Tabelle 2: Kundennr., Vertrag, Geburtsdatum ......

nun möchte ich die Tabellen zusammenführen da sie leider nicht 1 zu 1 identisch sind kann ich es leider nicht über kopieren machen.
Ich benötige eine Formel für Tabelle 3 die, die Kundennummer aus Tabelle 1 und 2 Abgleicht und mir dann die Gewünschte Zelle in Tabelle 3 einträgt.
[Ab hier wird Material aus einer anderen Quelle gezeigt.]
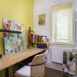 Op de 1e verdieping bevinden zich een overloop, twee slaapkamers, de ruime badkamer en een ruimte met wasdroger en wasmachine-aansluiting.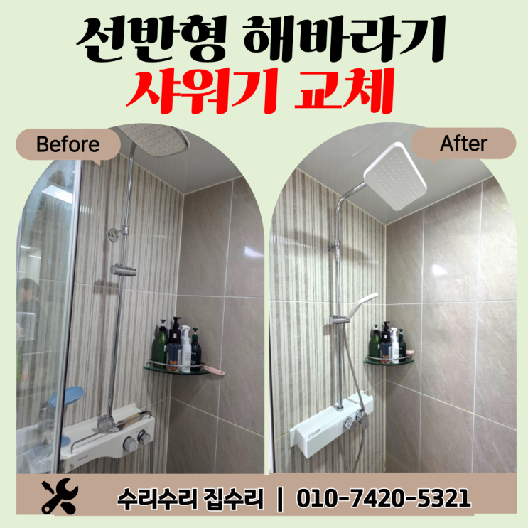 청주 오창 선반형 해바라기 샤워기 교체 시공 후기 안녕하세요! 마술처럼 집수리!! 수리수리 집수리입니다....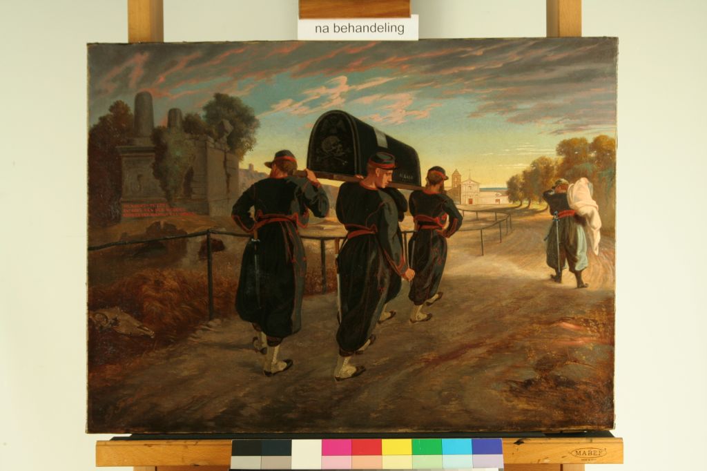 Gesigneerd linksonder: J.Faber / Roma. Gedateerd op de zijkant van de kist: ALBANO / 1867 (datering thans nauwelijks meer zichtbaar). Onder de dragers van de kist bevinden zich de drie Nederlanders die bij Albano omkwamen en bekend staan als de ‘helden van Albano’. Hun namen staan vermeld op de antieke ruïne links: HENDRICUS PETERS / ...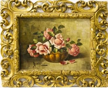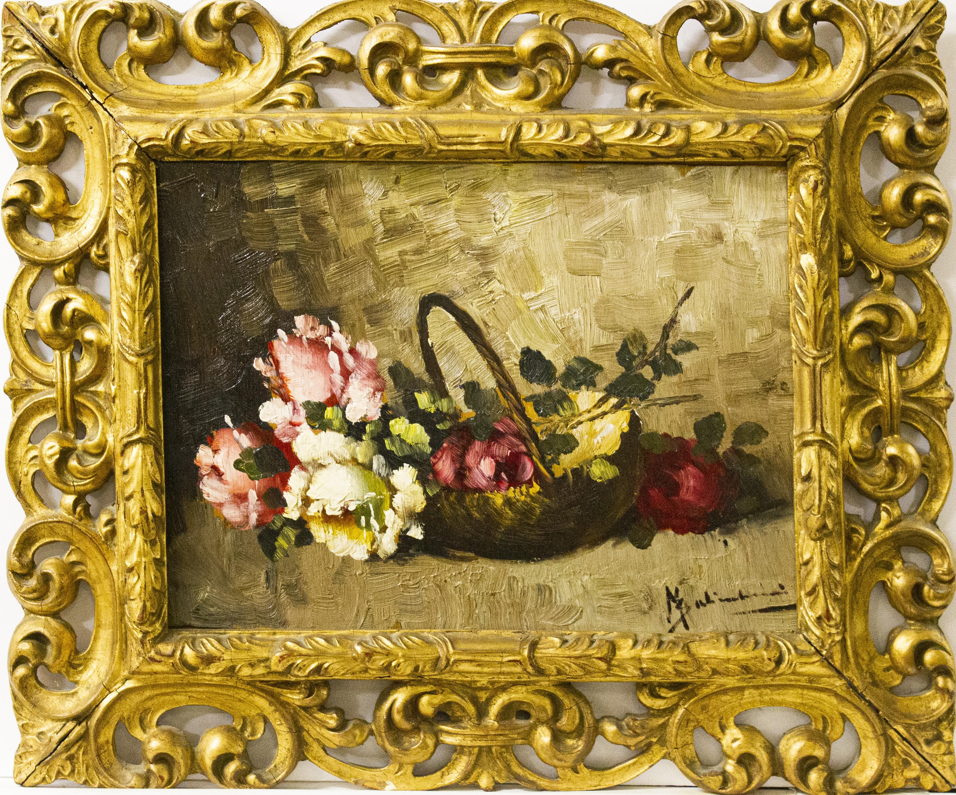 Deux corbeilles fleuries, paire d'huiles sur carton, 28x38 xm
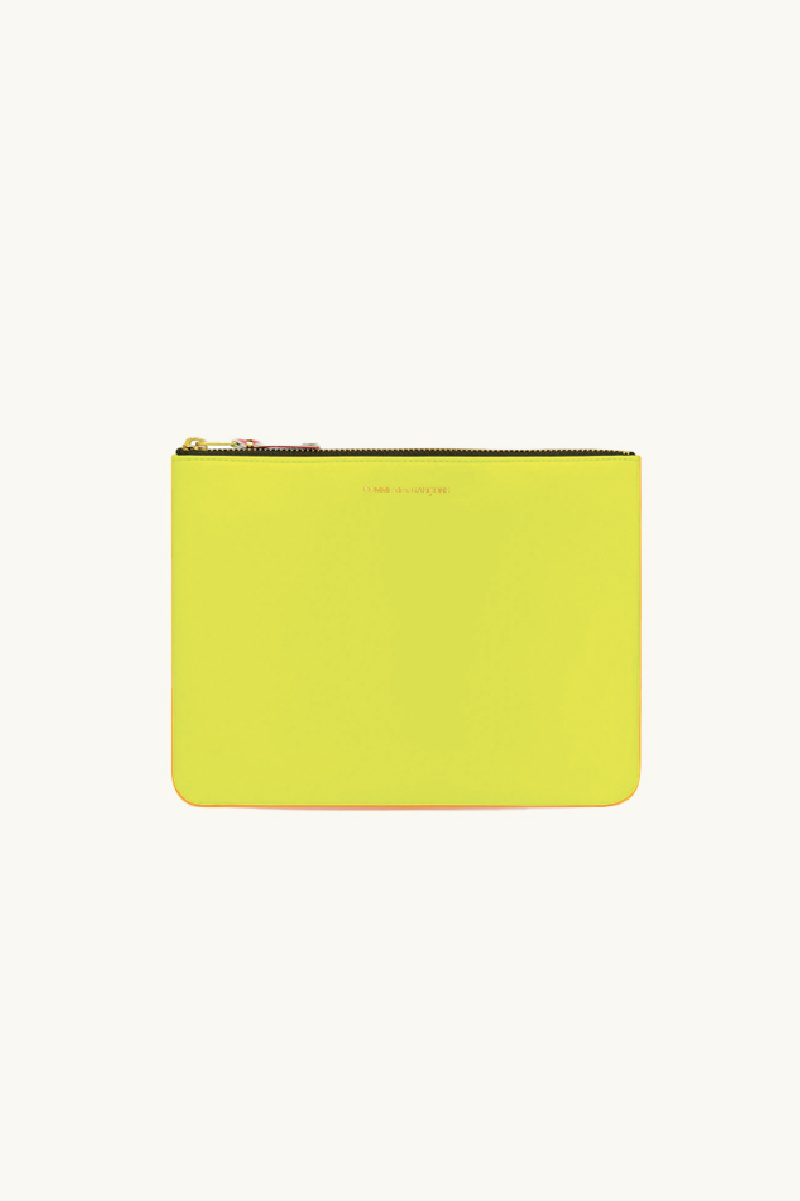 Grande pochette Comme des Garçons, zippée, cuir de chèvre, jaune fluo d’un côté et orange fluo de l’autre, avec inscription signature dorée Comme des Garçons.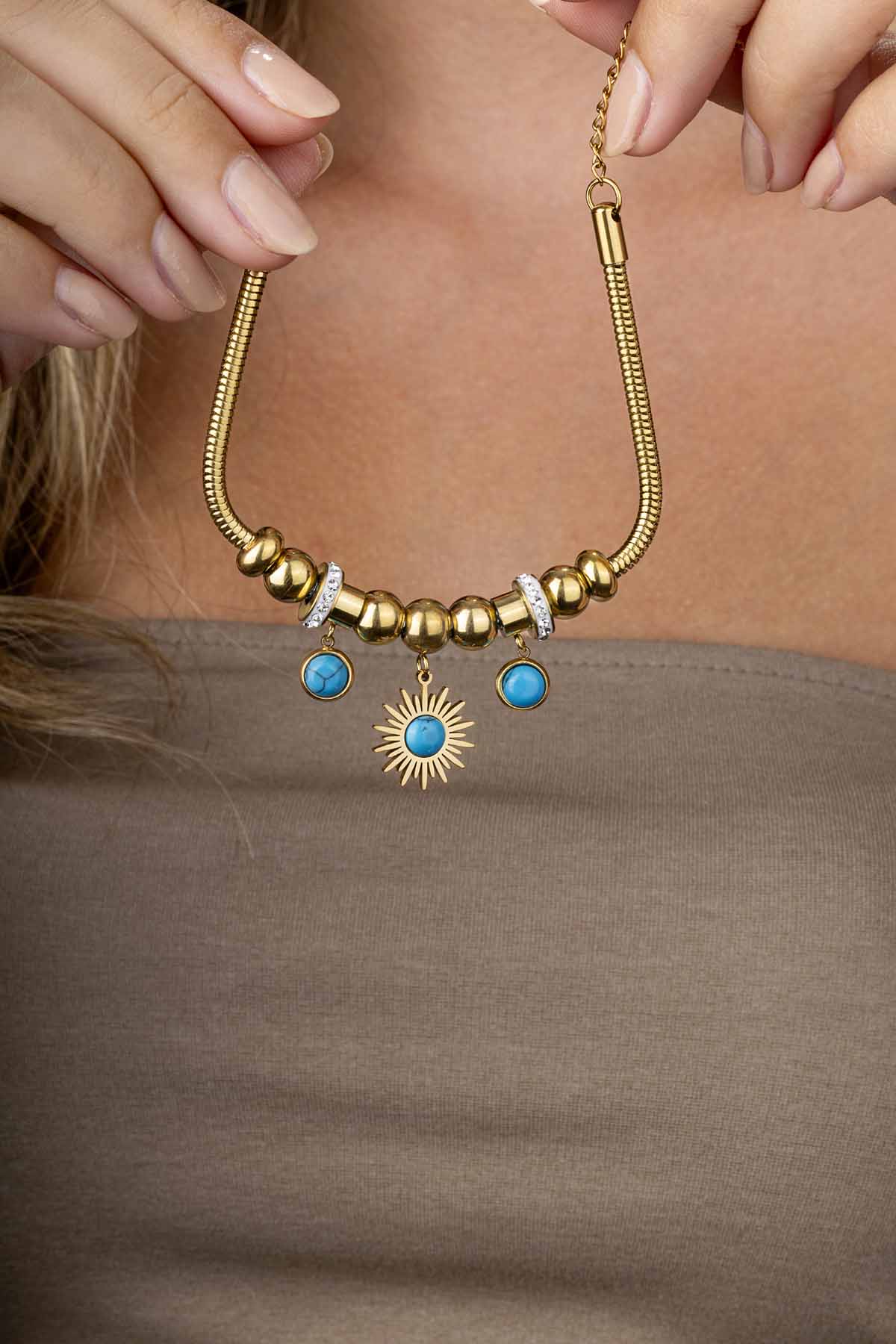 Canlı firuze taşları ve güneşin enerjisini taşıyan zarif tasarımıyla stilinizi aydınlatacak özel bir aksesuarla şıklığınızı tamamlayın.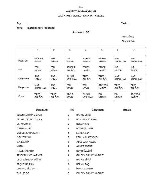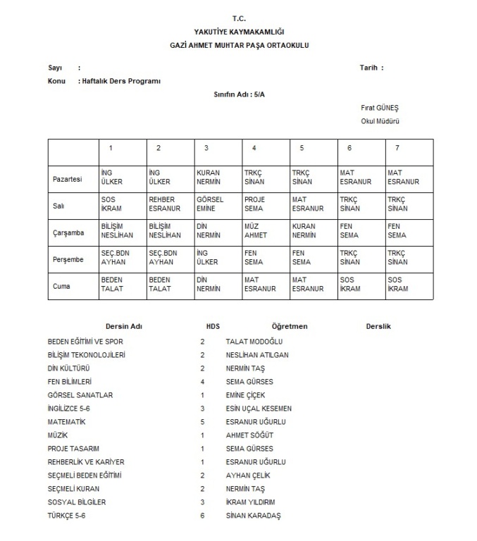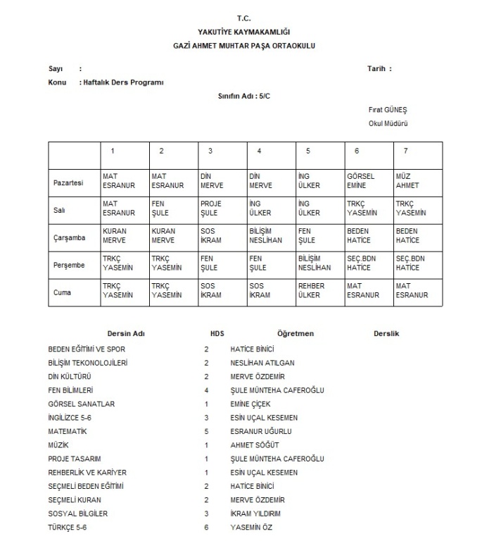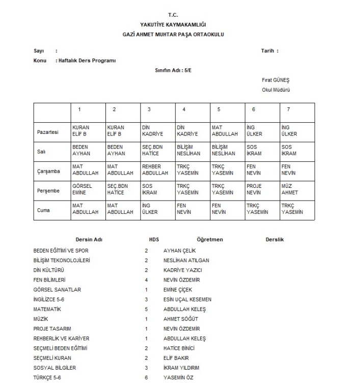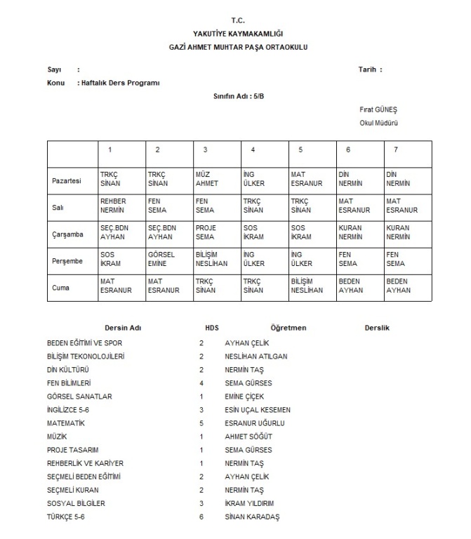 2025-2026 EĞİTİM ÖĞRETİM YILI 5. SINIFLARIN DERS PROGRAMI
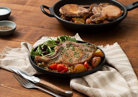 - 2 hot-boned, Bone-In Center Cut Pork Chops, seasoned with sea salt and pepper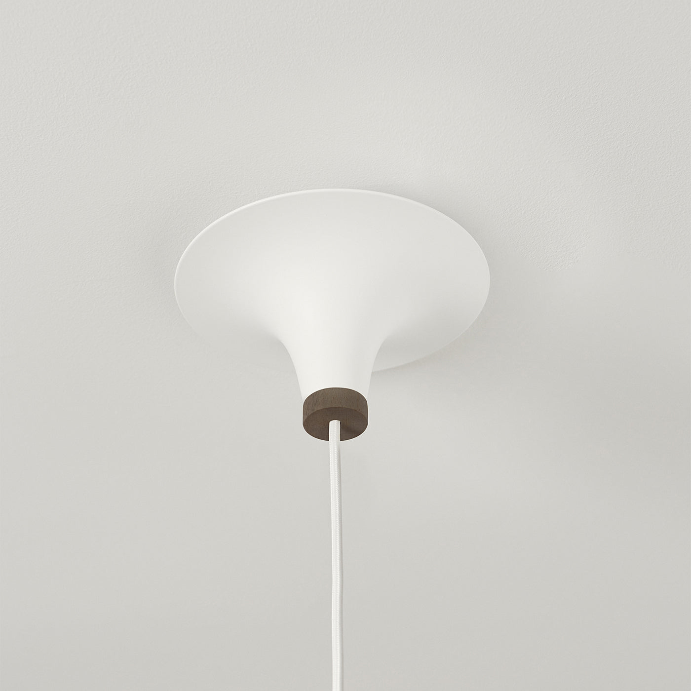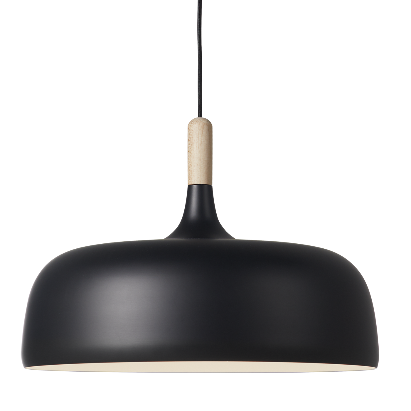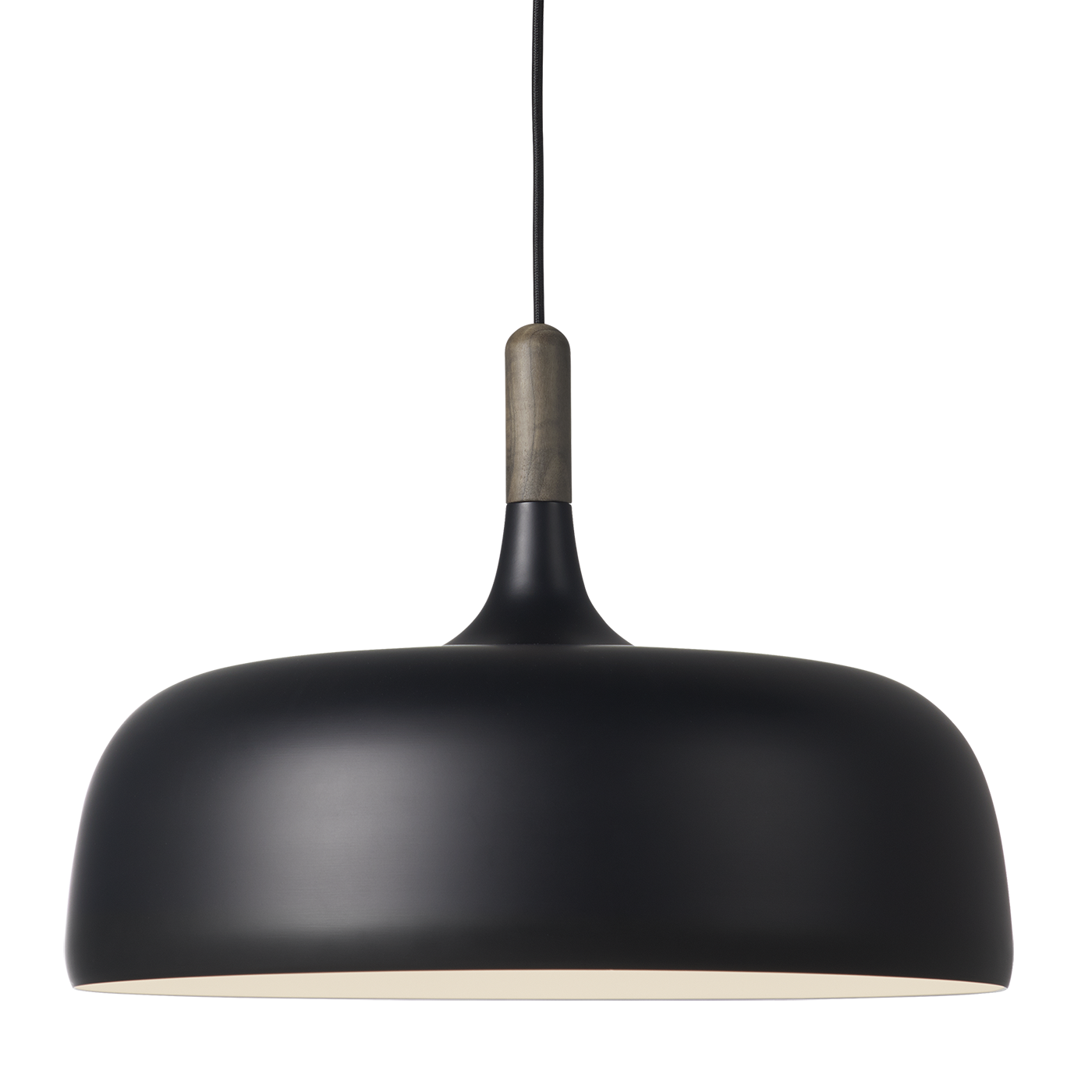 Acorns form er inspirert av en naturlig form. Skjermen ligner det tomme skallet fra en eikenøtt, som blir hul når den modne nøtten har brutt seg fri. Som en eikenøttstamme, smalner toppen av skyggen til en taktil form. Strømlinjeformet og sofistikert, er lampen hengt opp fra taket i en silkekabel som skjuler strømkabelen inni den. Lampen festes til taket med en himlingshylse laget i samme stil som skjermen. Denne pendellampen tilhører en ny serie design som gjenskaper naturens skjønnhet i et funksjonelt objekt. Lampen er laget i aluminium og bøk eller valnøtt, og malt enten hvit eller grå. Lampen kombinerer naturlige materialer med upretensiøse farger. Den matt svarte versjonen fremhever Acorns særegne form og skaper større kontrast med omgivelsene. Acorn er et naturlig supplement til moderne interiør, og en flott måte å skinne lys over bordplater, pulter og arbeidsflater. |

Vielen Dank für eure Hilfe!


----------



## olafkro (28. Oktober 2020)

Hallo,


genau das Problem habe ich gerade auch, hat das niemand gelöst?


Viele Grüße


----------



## kamil22 (4. November 2020)

Hallo

Das ist eigentlich unmöglich beim Mac Spalten oder Zeilen zusammenzuführen.


----------



## Zvoni (5. November 2020)

"Numbers" kenne ich nicht, aber in Excel wäre das ein SVERWEIS (VLOOKUP auf englisch) auf die Spalte Kundennr.


----------



## heckosi (13. November 2020)

Gibts inzwischen eine Lösung?


----------